Storm Christian E V, Sonnhammer Erik L L
Center for Genomics and Bioinformatics, Karolinska Institutet, S-171 77 Stockholm, Sweden.
Bioinformatics. 2002 Jan;18(1):92-9. doi: 10.1093/bioinformatics/18.1.92.
Orthologous proteins in different species are likely to have similar biochemical function and biological role. When annotating a newly sequenced genome by sequence homology, the most precise and reliable functional information can thus be derived from orthologs in other species. A standard method of finding orthologs is to compare the sequence tree with the species tree. However, since the topology of phylogenetic tree is not always reliable one might get incorrect assignments.
Here we present a novel method that resolves this problem by analyzing a set of bootstrap trees instead of the optimal tree. The frequency of orthology assignments in the bootstrap trees can be interpreted as a support value for the possible orthology of the sequences. Our method is efficient enough to analyze data in the scale of whole genomes. It is implemented in Java and calculates orthology support levels for all pairwise combinations of homologous sequences of two species. The method was tested on simulated datasets and on real data of homologous proteins.

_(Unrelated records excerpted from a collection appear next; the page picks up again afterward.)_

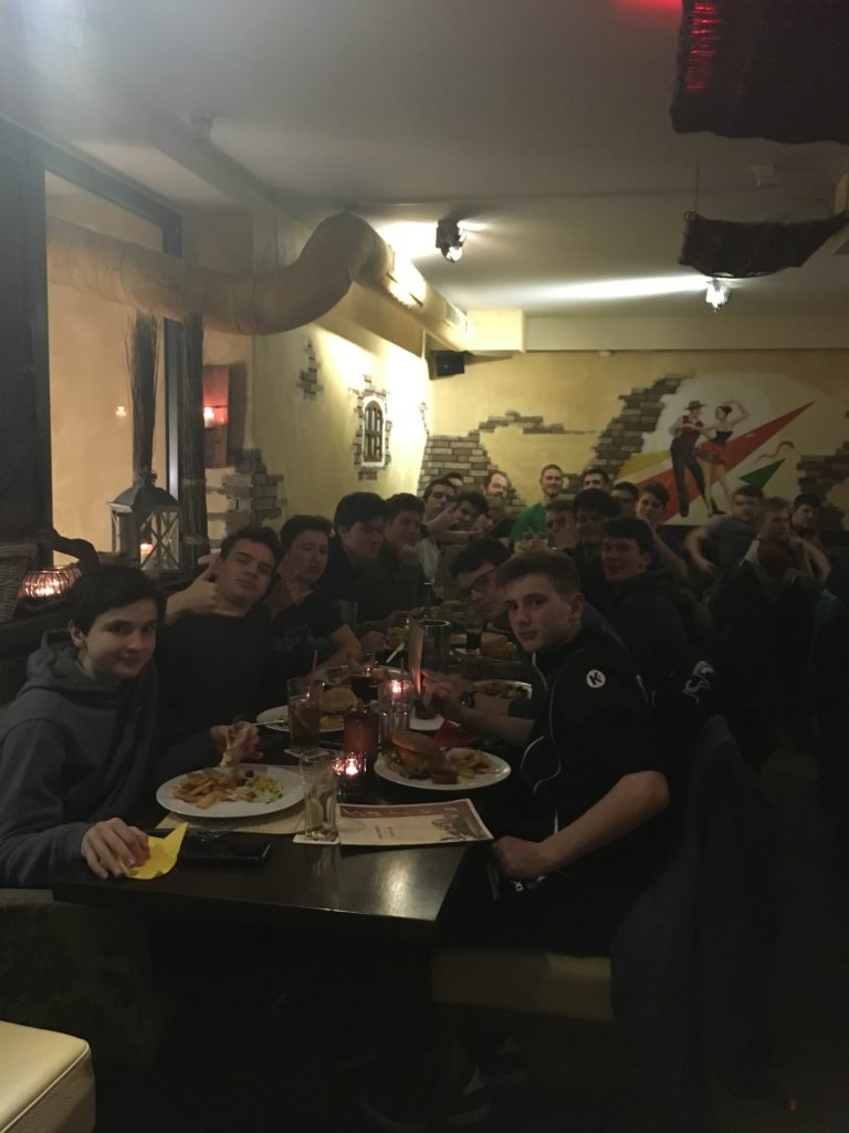 Für den Abend stand dann noch der Besuch der ‚Salsa-Bar‘ bezüglich des Abendbrotes sowie der freiwillige Aufenthalt auf der Players-Party im Programm. Für das Trainerteam ging es nach dem Essen zum Trainer-/Betreuer-Talk, wo man nicht nur mit anderen Trainern ins Gespräch kam – es gab auch eine Talkrunde mit Europameister Niclas Pieczkowski und Mark Dragunski (Trainer mJB HSG Neuss Düsseldorf).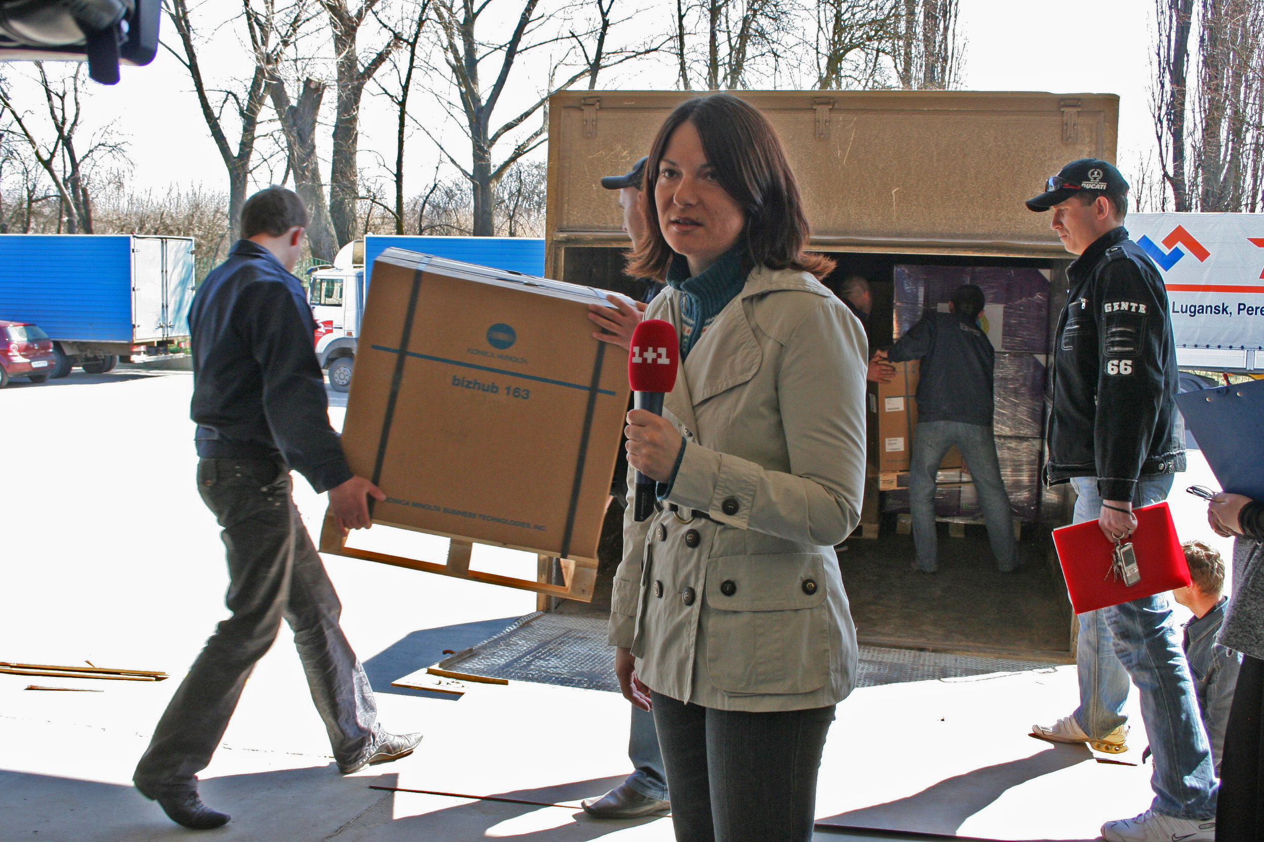 A journalist from TV channel 1+1 reports on the handover of IT equipment provided by the OSCE Project Co-ordinator in Ukraine to support the establishment of a State Voter Register, Kyiv, 7 April 2009.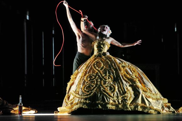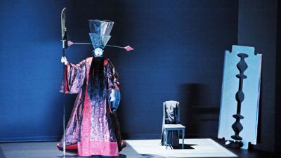 Jakob Peters-Messer läßt im Bühnenbild von Markus Meyer und den Kostümen von Sven Bindseil ein kunstvolles „China“ entstehen. Eine sich perspektivisch verengende schwarze Bühne, ein paar wenige Bühnenelemente genügen, um ein Rokoko-China entstehen zu lassen. Sven Bindseils Kostüme, höfische Pracht des französischen Spätbarock und Rokoko konkurrieren mit asiatisch anmutender Kleidung.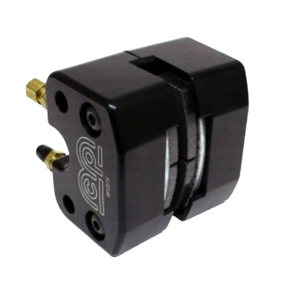 This billet caliper assembly is for .250" wide brake rotors, but can be adjusted for a range between .125" to .250". For use with 3/16" nylon brake line, and comes with pads, fittings,and bleeders.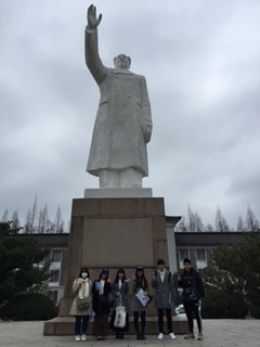 大学ではさっそく毛沢東の像の前に集合写真を撮りました。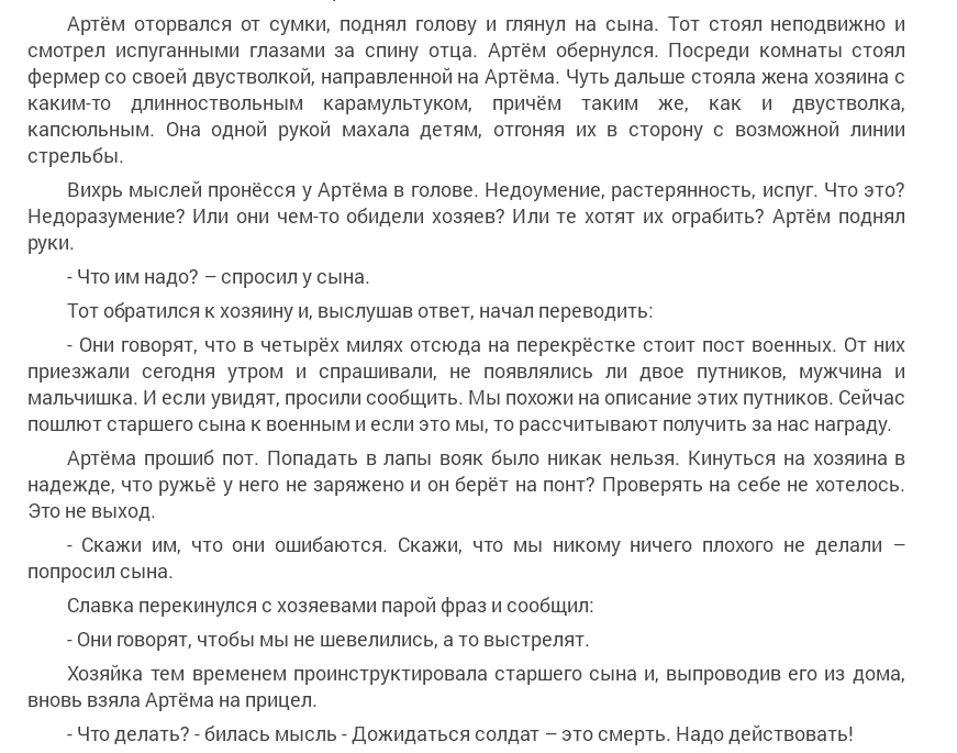 Конечно, нельзя  расписать, что главным героям встретилась вменяемая и умная семья,  давшая  им ночлег и не помышлявшая  о подлости к русским.  Потому что автору  так удобней.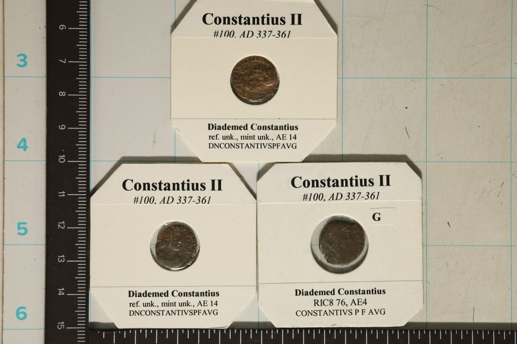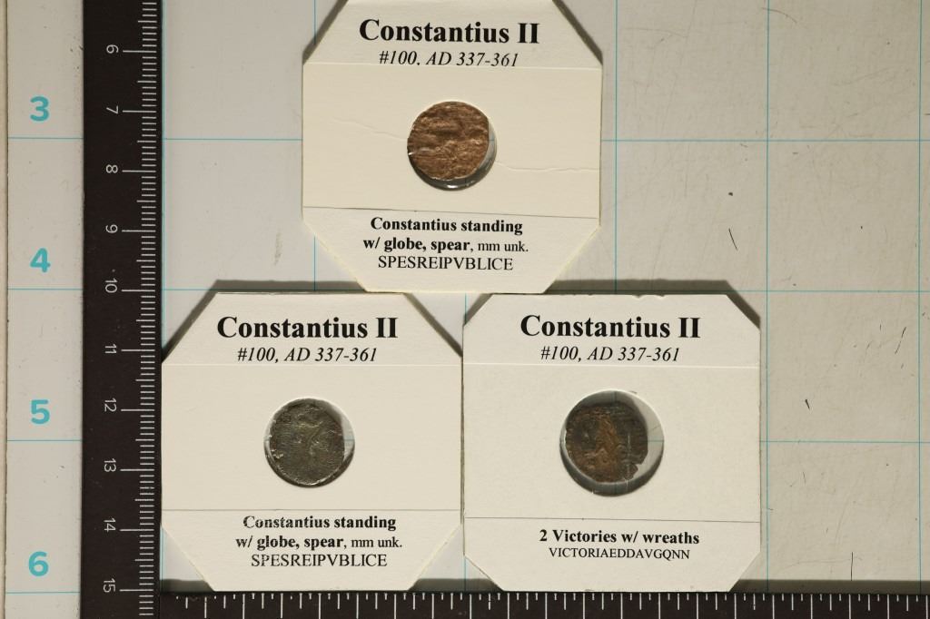 2 VICTORIES WITH WREATHS AND 2-CONSTANTIUS STANDING WITH GLOBE AND SPEAR.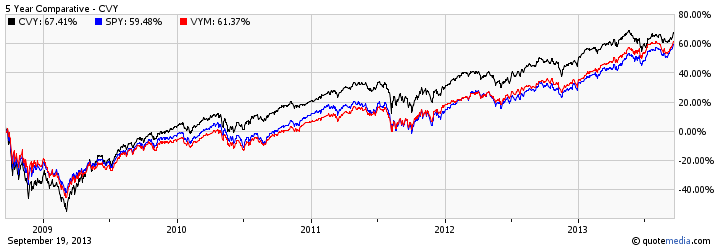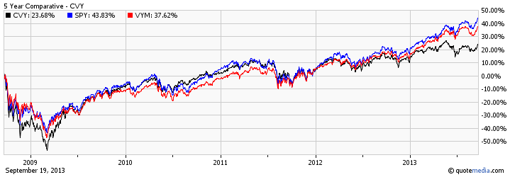 Consider the following two charts, which compare the performance of CVY with two other ETFs over five years. Representing the sentiments of the broader markets is the ultra-popular SPDR S&P 500 ETF (SPY +0.00%) whereas the Vanguard High Dividend Yield ETF (VYM +0.03%) represents another very different income ETF compared to CVY, as it primarily tracks the performance of dividend paying equities..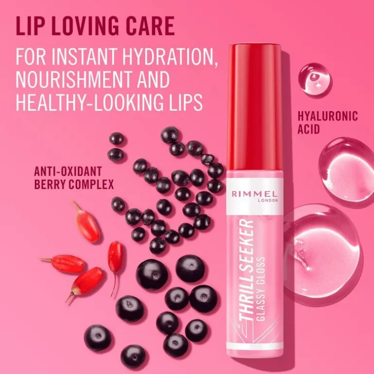 Rimmel London Thrill Seeker Glassy Gloss zorgt onmiddellijk voor voller uitziende lippen met ´glassy´ glans. De vegan formule van dit product is rijk aan hyaluronzuur en bevat een antioxidantencomplex dat de lippen intens hydrateert en voedt, zodat ze er weer mooi gezond uitzien. Deze hydraterende gloss van Rimmel is voorzien van een handige donzige ‘doe foot’ applicator, waarmee je de juiste hoeveelheid lipgloss perfect gelijkmatig over je lippen verdeelt.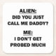 For the sarcasm lover in all of us. Check out this witty “Alien: Did You Just Call Me Daddy? Me: I Don’t Get Probed Much” design on apparel and gifts.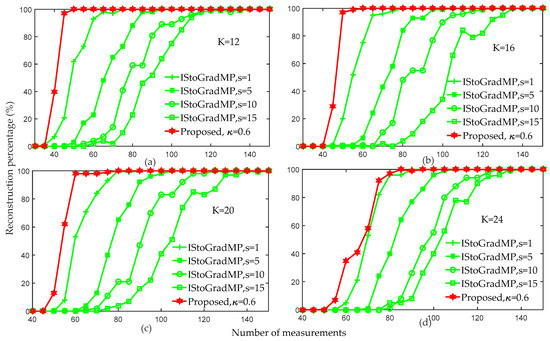 Figure 8 shows that for arbitrary measurement values, the reconstruction percentage of the proposed algorithm was higher than that of the IStoGradMP algorithm. However, we discovered that as the sparsity level increased, the gap in the reconstruction percentage between the proposed algorithm and the IStoGradMP algorithm gradually reduced. This means that the proposed method is more suitable than the IStoGradMP algorithm under smaller sparsity environments.

不同物种中的直系同源蛋白可能具有相似的生化功能和生物学作用。因此,当通过序列同源性对新测序的基因组进行注释时,最精确和可靠的功能信息可从其他物种的直系同源物中获得。寻找直系同源物的标准方法是将序列树与物种树进行比较。然而,由于系统发育树的拓扑结构并不总是可靠的,可能会得到错误的分配结果。
在此我们提出一种新方法,该方法通过分析一组自引导树而非最优树来解决此问题。自引导树中直系同源分配的频率可解释为序列可能的直系同源性的支持值。我们的方法效率足够高,能够分析全基因组规模的数据。它用Java实现,并计算两个物种同源序列所有成对组合的直系同源支持水平。该方法在模拟数据集和同源蛋白的真实数据上进行了测试。